Two marine researchers have published a report on two prominent near-bottom fish species of the northern seas, looking at how the two species fared in the warming waters of the past decade. The researchers looked at Bering Sea walleye pollock and Atlantic cod, and proposed that the differences in how the two species fared may be indicative of how other species will variously thrive or suffer during global warming.
The northern waters of both the cod and the pollock have warmed over the past decade, but one of the species appears to have prospered, while the other has diminished. “These response patterns appear to be linked to a complex suite of climatic and oceanic processes that may portend future responses to warming ocean conditions,” stated the researchers.
The report, “Distinct impact of tropical SSTs on summer North Pacific high and western North Pacific subtropical high,” was written by Anne B. Hollowed of the Alaska Fisheries Center’s National Marine Fisheries Service and Svein Sundby of the Institute of Marine Research, and was published in Science Magazine.
The report explained that Atlantic cod stock biomass has steadily increased since the 1980s, paralleling an increase in northern oceanic tempertures. Atlantic Cod, which spawn in the southern end of their territory, are thought to require warm temperatures to produce strong year classes. “During warming phases,” the report read, “the spawning stock biomass gradually builds up and the cod spawn rather north,” whereas in cooler phases spawning takes place further south. A similar trend of increasing fish stocks accompanied the warming period between the 1920s and the 1940s. The recent success of Atlantic cod stocks is thought to be the result of warmer weather, in addition to the effects of fishing limitations.
On the other hand, Bering Sea pollock–the largest fish stock in the northeast Pacific Ocean–declined in the early 2000. The stock began rising again before 2010, but did not reach pre-2000 levels.
The habitat and diet of pollock is thought to account for the difference. Bering Sea pollock feed throughout the middle and outer shelf regions and generally avoid bottom waters below 0 degrees Celsius–and so are usually found in the southern Bering Sea. The fish expand across the shelf in warmer years. The pollock stock is made up of several age groups, each of which has been affected by prey availability and the ability to accumulate winter stores of energy.
The pollock are thought to be affected by temperature most significantly in the first year of their life–due to the effects of temperature on their first summer.
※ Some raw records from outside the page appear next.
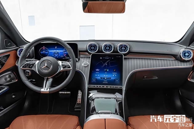 新车内饰标配12.3英寸悬浮式仪表盘、11.9英寸竖置中控屏和全新三幅式多功能方向盘。车机搭载第二代MBUX交互系统,在应用、智能化方面更好的适配国内用户。车内64色氛围灯带搭配全新出风口造型,在暗光环境可营造出更强的豪华氛围。
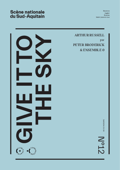 Figure emblématique pour de nombreux musiciens, Arthur Russell devient la matière du nouveau spectacle de l’ensemble 0 ! Give it to the Sky croise parité sur scène, la scénographie et les lumières de Caty Olive, la dramarturgie de Christian Rizzo, la voix de Peter Broderick et les morceaux du compositeur à partir d’une collaboration ratée avec Robert Wilson. Un univers fascinant.
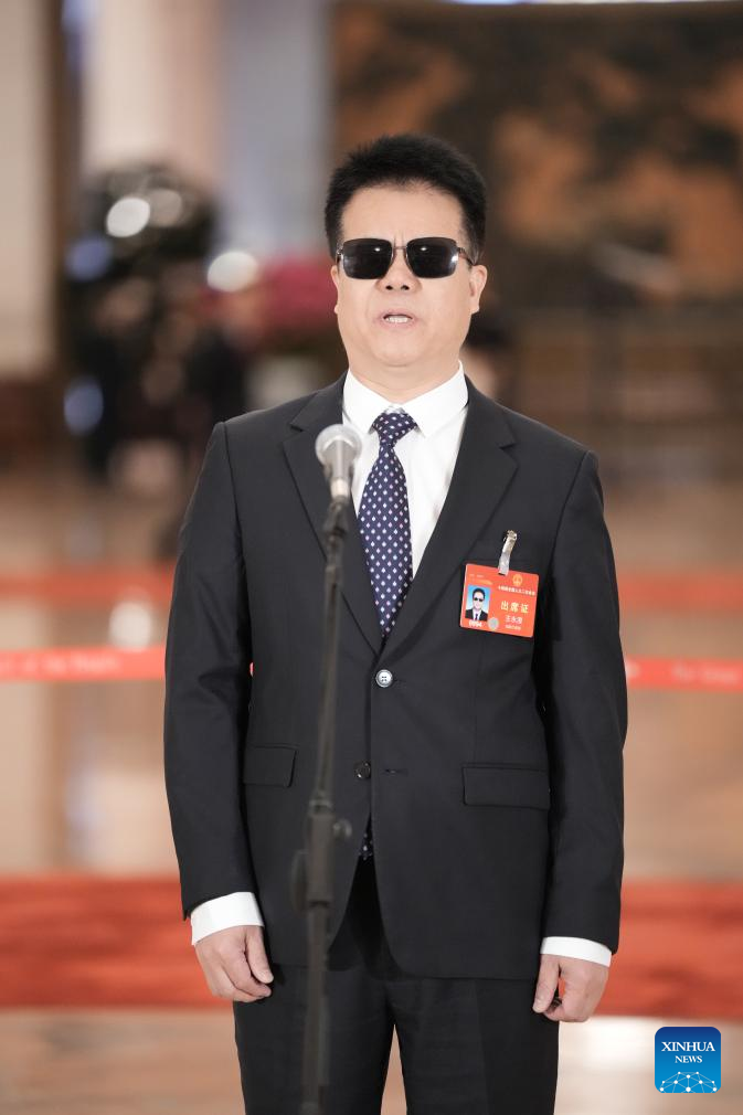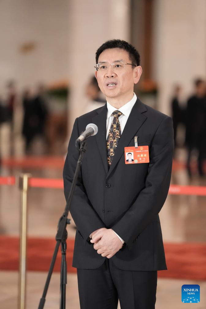 Chen Jun, a deputy to the 14th National People's Congress (NPC), is interviewed ahead of the second plenary meeting of the second session of the 14th NPC at the Great Hall of the People in Beijing, capital of China, March 8, 2024. (Xinhua/Wang Yuguo)
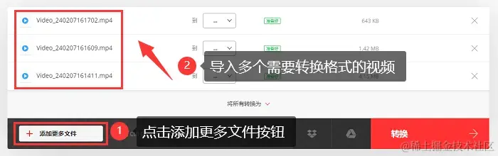 第2步:点击 【添加更多文件】 ,可以一次性上传多个需要转换的视频文件。
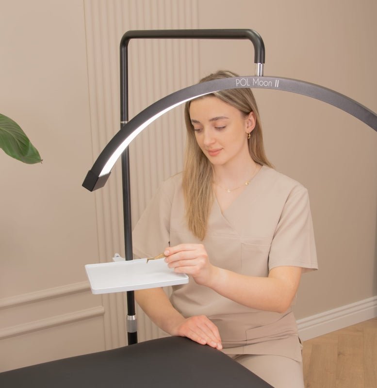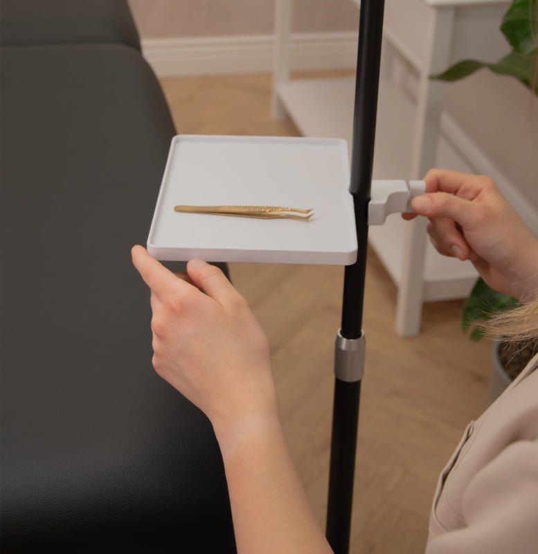 Diese praktische Lösung eignet sich sowohl für Profis als auch für Personen, die Ordnung und Ergonomie bei der Durchführung von Behandlungen bewahren möchten. Das universelle Regal für Kosmetiklampen vereint Funktionalität, Robustheit und einfache Handhabung in einem Zubehörteil.
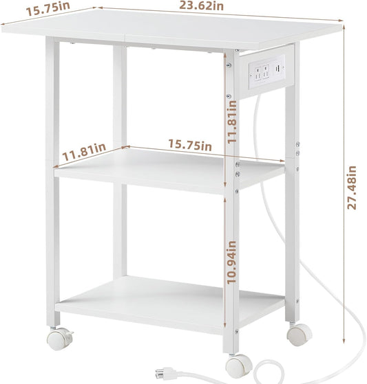 Lerliuo 3-Tier Printer Stand with Charging Station, Industrial Mobile Printer Table with Storage Shelf and Steel Frame, Rolling Printer Cart Holder with Lockable Wheels for Home, Office (White)
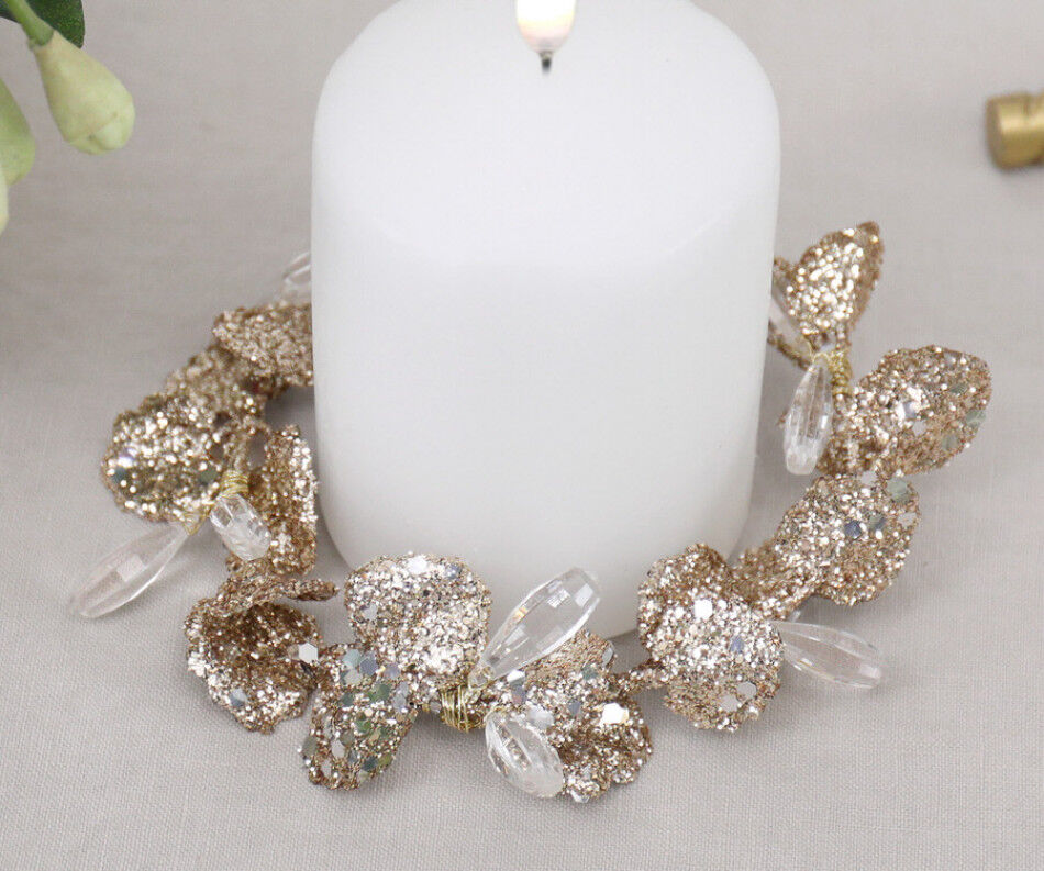 Add a touch of festive sparkle to your décor with this Glitter Mini Wreath in Gold. Lightweight and beautifully finished with shimmering gold glitter, this petite wreath is perfect for styling on Christmas trees, gift wrapping, table settings, door handles or decorative hooks.
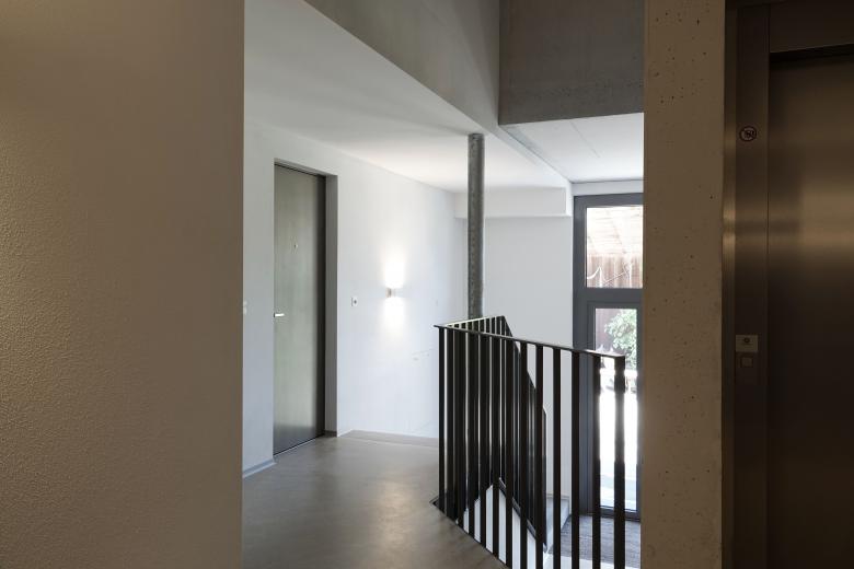 Ziel des Entwurfes war es, auf dem alten Fussabdruck einer ehemaligen Zimmerei ein Mehrfamilienhaus mit 6 Kleinwohnungen zu organisieren. Dafür wurde die alte Ebene des Bodens belassen und beherbergt nun die Einstellhalle. Dadurch sind die Wohnung hochparterre gelegen und erfahren so die nötige Privatsphäre. Die Wohnungen liegen um einen zentralen Erschliessungskern. Dieser wurde so positioniert, dass auch das bestehende Wohnhaus durch einen rückwärtigen Eingang eingebunden werden konnte. Die Fassade, mit einer vertikalen Deckleistenschalung versehen nimmt Bezug auf das, was schon immer an diesem Ort zu finden war. Ein Gebäude in Holz gekleidet.

The report concluded, “The response of seafloor fish species in the border regions between the boreal and Arctic domains to climate variability may provide clues to how future antrhopogenic climate change will influence fish stocks and marine ecosystems at high latitudes.”
The report also made more specific predictions about the future of Atlantic cod and Bering Sea pollock. The cod, which have already reached the shelf break and the deep polar basin, can advance no further north, and so may now advance eastward along the Siberian shelf as new habitats open up due to the loss of sea ice at the Siberian shelf and the Northeast Passage. The pollock face an uncertain future, because the suite of interacting processes that govern their health is more complex, and because sea ice is expected to continue to form in fall and winter, leaving a cold remnant in summer, making the cold pools inhospitable to the fish.